Task item: Below are entries. Give back exactly the lines from the one containing "5852 nhbl 657" through the one containing "Jumbl - 1500-Piece", inclusive, without the pictures.

Given information:
________________

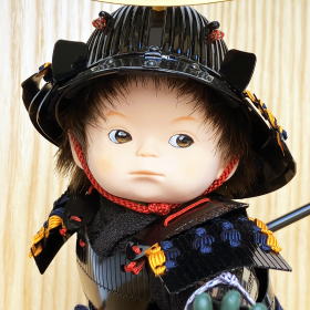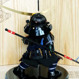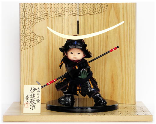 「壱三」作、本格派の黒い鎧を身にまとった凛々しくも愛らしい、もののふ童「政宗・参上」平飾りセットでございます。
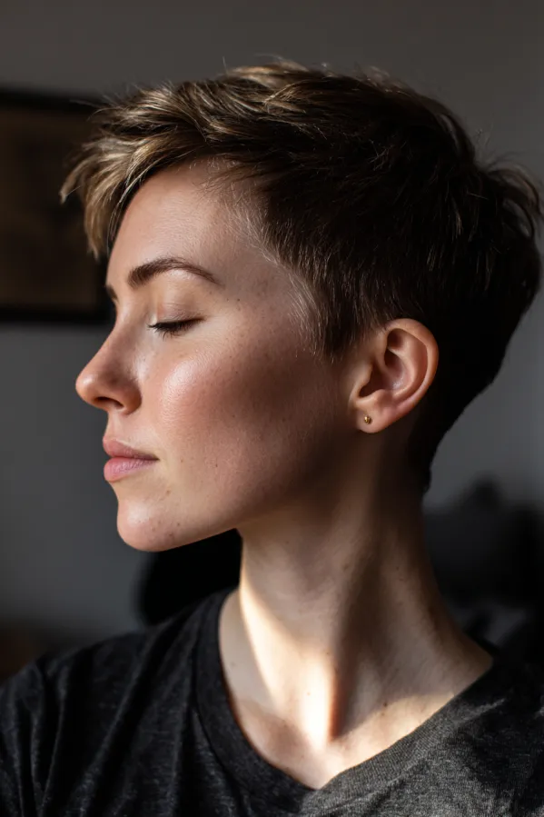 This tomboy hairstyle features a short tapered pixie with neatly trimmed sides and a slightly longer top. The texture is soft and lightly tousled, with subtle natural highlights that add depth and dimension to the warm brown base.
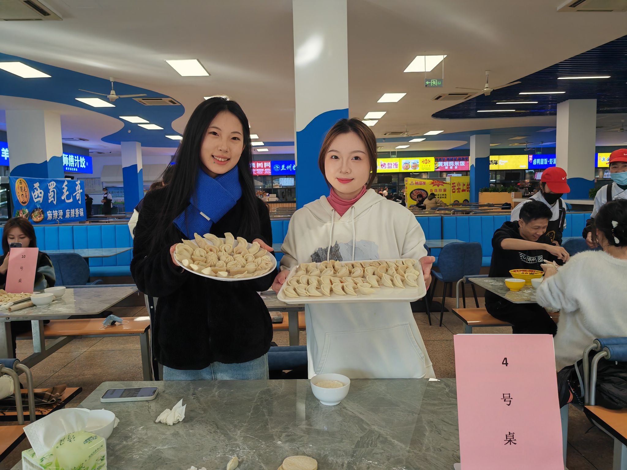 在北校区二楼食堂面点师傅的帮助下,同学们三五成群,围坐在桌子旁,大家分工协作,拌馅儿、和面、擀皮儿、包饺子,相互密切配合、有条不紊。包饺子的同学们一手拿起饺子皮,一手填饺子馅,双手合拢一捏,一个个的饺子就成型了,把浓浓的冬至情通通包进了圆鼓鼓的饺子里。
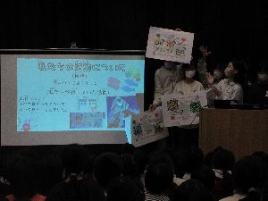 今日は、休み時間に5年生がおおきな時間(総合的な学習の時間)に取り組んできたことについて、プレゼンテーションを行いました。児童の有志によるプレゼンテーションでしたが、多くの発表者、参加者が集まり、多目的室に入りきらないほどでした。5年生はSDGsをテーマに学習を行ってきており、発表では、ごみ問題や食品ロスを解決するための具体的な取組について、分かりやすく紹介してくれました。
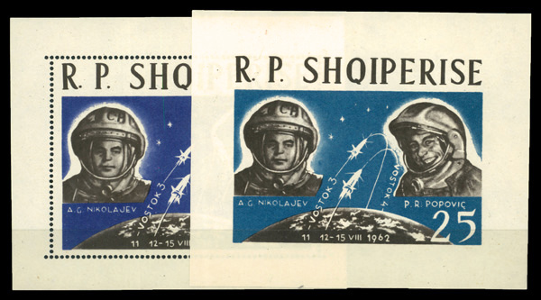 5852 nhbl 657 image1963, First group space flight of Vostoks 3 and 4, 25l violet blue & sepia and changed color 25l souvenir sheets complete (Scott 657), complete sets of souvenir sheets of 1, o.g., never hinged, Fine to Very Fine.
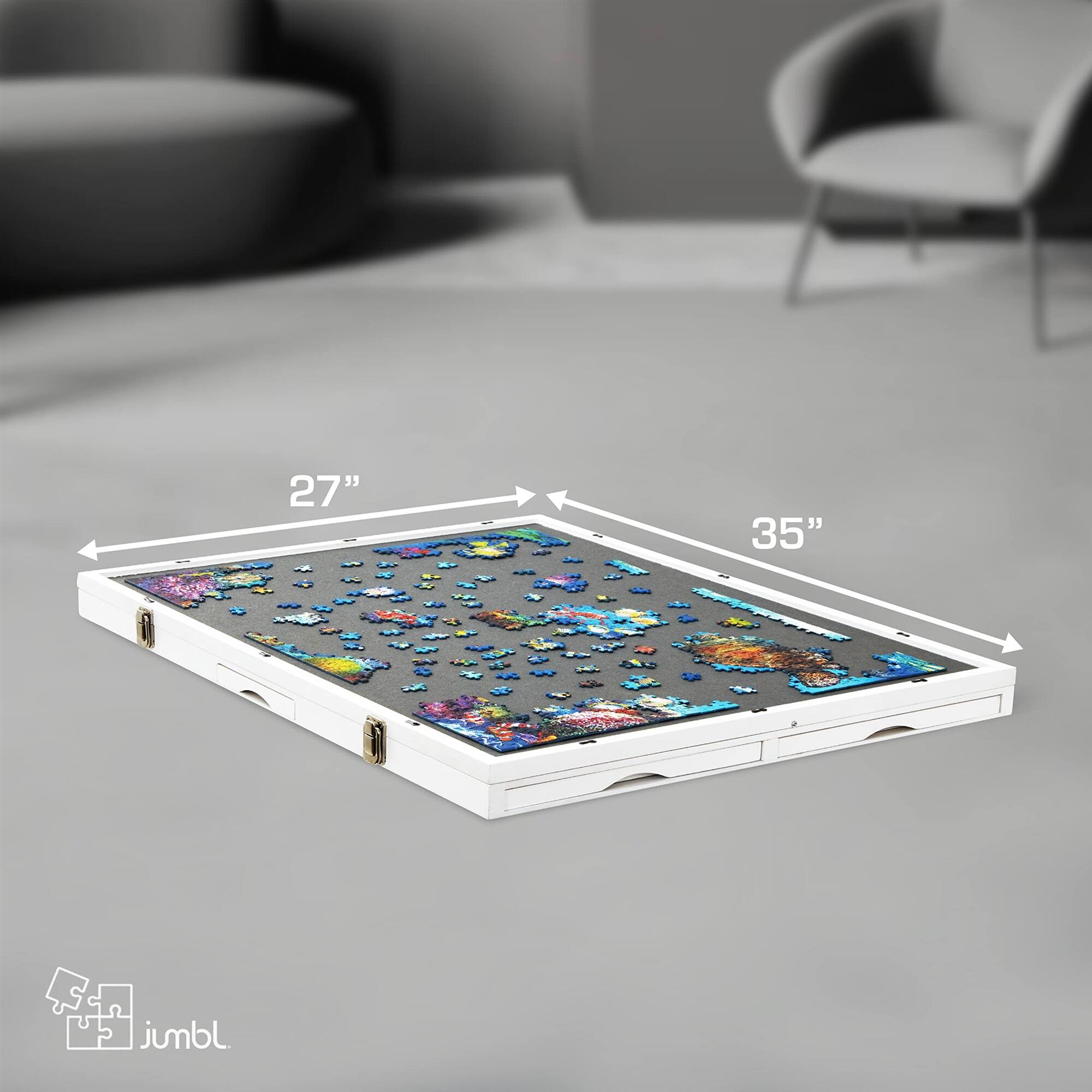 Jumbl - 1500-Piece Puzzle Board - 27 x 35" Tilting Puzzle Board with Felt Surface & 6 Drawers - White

________________

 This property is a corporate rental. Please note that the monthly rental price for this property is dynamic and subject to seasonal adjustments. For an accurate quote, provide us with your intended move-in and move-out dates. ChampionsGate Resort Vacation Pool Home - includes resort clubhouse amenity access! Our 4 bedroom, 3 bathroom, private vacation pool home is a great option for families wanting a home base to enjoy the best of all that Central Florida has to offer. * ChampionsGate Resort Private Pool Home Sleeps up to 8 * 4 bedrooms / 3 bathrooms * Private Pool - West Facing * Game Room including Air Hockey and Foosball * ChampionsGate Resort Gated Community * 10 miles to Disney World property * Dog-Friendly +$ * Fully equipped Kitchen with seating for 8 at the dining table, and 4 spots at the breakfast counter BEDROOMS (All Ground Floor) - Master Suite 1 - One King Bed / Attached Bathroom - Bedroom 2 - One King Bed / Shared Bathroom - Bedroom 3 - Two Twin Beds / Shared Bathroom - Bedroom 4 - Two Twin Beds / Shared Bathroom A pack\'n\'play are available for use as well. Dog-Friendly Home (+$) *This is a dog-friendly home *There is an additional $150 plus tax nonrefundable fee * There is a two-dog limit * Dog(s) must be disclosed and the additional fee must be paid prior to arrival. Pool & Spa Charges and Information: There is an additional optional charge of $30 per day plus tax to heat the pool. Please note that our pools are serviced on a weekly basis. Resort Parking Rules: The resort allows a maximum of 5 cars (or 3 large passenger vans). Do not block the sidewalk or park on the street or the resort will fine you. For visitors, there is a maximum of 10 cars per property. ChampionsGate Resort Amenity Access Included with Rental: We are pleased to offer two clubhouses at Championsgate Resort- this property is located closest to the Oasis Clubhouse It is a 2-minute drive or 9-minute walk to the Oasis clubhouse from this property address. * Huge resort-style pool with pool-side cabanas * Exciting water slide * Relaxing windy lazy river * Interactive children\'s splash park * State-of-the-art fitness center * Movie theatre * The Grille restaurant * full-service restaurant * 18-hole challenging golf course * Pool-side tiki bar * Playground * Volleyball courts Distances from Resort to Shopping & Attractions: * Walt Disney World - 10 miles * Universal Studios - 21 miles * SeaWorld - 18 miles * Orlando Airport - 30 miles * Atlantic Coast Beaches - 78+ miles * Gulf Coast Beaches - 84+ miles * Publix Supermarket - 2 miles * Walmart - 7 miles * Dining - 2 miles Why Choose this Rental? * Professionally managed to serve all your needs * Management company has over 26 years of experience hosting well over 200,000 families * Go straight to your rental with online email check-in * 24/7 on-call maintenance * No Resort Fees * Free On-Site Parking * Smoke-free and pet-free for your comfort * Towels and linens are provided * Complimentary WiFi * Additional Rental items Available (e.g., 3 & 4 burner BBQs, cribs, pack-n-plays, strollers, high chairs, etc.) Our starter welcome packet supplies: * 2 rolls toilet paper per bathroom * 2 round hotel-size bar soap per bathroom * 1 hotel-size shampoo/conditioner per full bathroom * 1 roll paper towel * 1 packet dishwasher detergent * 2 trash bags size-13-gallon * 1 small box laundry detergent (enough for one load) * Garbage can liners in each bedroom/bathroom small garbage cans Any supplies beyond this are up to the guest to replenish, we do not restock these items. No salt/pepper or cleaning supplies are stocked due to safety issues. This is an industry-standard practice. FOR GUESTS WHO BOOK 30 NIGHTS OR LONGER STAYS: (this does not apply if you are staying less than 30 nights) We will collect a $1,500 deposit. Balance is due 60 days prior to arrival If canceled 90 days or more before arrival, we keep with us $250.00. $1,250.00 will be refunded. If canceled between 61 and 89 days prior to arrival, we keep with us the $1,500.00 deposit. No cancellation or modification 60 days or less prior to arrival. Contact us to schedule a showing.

________________

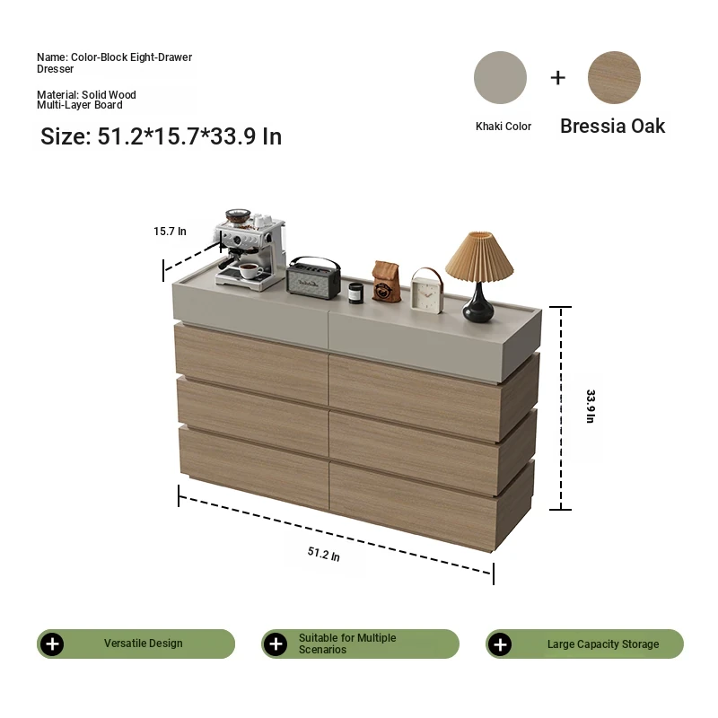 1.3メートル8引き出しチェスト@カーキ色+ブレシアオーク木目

________________

Output for this exercise:
 5852 nhbl 657 image1963, First group space flight of Vostoks 3 and 4, 25l violet blue & sepia and changed color 25l souvenir sheets complete (Scott 657), complete sets of souvenir sheets of 1, o.g., never hinged, Fine to Very Fine.
 Jumbl - 1500-Piece Puzzle Board - 27 x 35" Tilting Puzzle Board with Felt Surface & 6 Drawers - White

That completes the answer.